Assigned task>
Among the lines below, keep only those from the one containing "- 同色の直線で示された1対の対角線の布の両端を合わせる" through the one containing "Este libro de", and reproduce them exactly.

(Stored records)
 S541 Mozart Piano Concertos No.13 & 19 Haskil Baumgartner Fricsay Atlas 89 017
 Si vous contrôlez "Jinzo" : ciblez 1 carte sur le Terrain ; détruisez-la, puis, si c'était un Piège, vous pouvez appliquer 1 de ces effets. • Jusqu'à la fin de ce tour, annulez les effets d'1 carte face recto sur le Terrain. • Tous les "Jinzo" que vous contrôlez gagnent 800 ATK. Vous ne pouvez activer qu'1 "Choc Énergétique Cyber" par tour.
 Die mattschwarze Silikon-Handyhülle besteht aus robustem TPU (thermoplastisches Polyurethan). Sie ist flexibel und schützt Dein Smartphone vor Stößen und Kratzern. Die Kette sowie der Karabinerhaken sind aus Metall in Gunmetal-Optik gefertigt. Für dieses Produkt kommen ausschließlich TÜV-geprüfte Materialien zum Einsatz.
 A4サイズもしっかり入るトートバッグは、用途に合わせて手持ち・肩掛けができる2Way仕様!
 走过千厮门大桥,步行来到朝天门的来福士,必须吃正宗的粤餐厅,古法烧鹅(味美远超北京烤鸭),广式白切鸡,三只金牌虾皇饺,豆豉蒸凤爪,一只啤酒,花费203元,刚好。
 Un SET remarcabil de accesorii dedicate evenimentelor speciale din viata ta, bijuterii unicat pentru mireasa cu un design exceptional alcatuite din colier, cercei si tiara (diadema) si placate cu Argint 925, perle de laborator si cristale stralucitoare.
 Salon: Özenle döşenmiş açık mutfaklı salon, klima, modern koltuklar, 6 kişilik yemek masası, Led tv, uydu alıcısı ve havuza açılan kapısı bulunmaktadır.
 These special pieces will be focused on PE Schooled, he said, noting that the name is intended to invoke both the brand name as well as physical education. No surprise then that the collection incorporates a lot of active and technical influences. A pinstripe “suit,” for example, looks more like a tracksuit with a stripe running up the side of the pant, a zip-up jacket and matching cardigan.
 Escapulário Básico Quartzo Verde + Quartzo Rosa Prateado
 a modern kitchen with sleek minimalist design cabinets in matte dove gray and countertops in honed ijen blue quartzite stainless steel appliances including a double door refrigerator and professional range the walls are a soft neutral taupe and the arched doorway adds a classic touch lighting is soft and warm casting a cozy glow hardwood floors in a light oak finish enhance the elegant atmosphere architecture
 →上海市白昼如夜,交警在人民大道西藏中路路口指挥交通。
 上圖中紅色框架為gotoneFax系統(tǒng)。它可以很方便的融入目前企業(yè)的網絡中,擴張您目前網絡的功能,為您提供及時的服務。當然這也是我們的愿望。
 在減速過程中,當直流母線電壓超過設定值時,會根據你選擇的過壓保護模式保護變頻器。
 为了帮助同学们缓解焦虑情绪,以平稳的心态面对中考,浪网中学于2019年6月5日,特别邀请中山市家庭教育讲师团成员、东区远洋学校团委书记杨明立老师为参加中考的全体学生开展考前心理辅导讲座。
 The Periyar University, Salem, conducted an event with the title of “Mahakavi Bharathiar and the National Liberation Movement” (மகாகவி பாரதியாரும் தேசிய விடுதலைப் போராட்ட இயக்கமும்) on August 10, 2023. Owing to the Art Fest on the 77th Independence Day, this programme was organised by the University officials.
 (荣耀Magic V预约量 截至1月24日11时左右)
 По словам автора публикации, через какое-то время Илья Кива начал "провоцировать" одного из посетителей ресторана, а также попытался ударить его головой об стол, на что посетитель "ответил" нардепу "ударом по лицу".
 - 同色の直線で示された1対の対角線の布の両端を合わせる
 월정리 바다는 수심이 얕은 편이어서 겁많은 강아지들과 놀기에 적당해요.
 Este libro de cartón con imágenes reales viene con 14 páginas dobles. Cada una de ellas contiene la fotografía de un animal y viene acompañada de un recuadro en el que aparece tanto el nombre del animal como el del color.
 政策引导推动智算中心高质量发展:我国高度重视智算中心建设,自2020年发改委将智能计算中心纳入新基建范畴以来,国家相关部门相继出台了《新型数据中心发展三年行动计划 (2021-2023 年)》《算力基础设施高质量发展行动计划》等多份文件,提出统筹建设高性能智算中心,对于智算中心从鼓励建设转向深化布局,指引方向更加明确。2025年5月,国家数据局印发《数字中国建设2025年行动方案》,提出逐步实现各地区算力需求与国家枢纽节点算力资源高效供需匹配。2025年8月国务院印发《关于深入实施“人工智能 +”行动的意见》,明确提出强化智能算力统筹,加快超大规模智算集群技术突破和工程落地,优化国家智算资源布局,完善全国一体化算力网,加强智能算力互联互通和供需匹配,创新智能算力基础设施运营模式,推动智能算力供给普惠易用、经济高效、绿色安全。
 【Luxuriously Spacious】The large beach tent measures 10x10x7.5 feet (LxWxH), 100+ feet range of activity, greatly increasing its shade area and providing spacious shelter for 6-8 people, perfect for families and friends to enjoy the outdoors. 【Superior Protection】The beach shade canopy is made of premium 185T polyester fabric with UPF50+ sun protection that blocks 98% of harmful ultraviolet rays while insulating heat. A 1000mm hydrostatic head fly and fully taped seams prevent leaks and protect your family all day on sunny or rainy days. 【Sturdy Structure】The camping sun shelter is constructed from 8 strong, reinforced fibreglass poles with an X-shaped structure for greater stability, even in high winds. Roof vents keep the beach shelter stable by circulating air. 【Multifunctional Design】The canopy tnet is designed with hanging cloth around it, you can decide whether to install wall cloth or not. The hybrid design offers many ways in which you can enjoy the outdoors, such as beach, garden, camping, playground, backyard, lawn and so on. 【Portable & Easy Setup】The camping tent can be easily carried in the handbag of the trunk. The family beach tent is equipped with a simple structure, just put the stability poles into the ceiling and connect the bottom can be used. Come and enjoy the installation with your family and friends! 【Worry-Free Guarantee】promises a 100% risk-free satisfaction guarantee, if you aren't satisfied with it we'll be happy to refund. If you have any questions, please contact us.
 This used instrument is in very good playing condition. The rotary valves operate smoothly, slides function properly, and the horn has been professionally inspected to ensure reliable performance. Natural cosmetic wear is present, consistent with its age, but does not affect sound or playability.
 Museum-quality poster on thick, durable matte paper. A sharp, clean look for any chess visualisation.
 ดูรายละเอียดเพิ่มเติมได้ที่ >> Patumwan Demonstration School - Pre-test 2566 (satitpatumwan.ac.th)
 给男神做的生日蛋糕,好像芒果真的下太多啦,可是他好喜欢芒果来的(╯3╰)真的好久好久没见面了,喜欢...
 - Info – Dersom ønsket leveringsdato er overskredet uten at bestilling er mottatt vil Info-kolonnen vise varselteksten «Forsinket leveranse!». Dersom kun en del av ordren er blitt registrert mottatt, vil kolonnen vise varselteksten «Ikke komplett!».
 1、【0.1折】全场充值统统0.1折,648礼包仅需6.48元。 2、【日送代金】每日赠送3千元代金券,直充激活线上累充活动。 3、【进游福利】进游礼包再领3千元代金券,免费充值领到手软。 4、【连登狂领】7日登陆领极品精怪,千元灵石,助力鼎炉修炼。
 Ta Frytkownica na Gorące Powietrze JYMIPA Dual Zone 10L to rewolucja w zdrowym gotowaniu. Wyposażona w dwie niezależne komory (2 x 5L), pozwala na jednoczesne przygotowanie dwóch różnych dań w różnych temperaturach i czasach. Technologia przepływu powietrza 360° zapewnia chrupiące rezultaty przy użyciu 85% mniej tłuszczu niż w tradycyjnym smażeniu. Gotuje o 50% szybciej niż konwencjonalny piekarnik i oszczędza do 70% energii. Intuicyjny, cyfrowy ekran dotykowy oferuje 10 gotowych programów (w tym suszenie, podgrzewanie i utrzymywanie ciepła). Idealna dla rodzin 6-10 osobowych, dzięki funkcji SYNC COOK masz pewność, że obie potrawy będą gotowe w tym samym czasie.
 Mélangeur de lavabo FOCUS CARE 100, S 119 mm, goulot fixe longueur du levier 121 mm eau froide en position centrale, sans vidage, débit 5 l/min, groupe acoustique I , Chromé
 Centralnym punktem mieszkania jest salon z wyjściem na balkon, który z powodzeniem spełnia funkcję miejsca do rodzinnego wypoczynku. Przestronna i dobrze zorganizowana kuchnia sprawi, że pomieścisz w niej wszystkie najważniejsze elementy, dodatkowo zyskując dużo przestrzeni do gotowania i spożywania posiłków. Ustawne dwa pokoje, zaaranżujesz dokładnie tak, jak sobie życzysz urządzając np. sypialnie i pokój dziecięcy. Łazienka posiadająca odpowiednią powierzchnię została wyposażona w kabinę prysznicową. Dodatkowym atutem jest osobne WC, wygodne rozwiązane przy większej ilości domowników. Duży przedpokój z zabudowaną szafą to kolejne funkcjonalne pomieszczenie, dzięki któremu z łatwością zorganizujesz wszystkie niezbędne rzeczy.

Exercise response>
 - 同色の直線で示された1対の対角線の布の両端を合わせる
 월정리 바다는 수심이 얕은 편이어서 겁많은 강아지들과 놀기에 적당해요.
 Este libro de cartón con imágenes reales viene con 14 páginas dobles. Cada una de ellas contiene la fotografía de un animal y viene acompañada de un recuadro en el que aparece tanto el nombre del animal como el del color.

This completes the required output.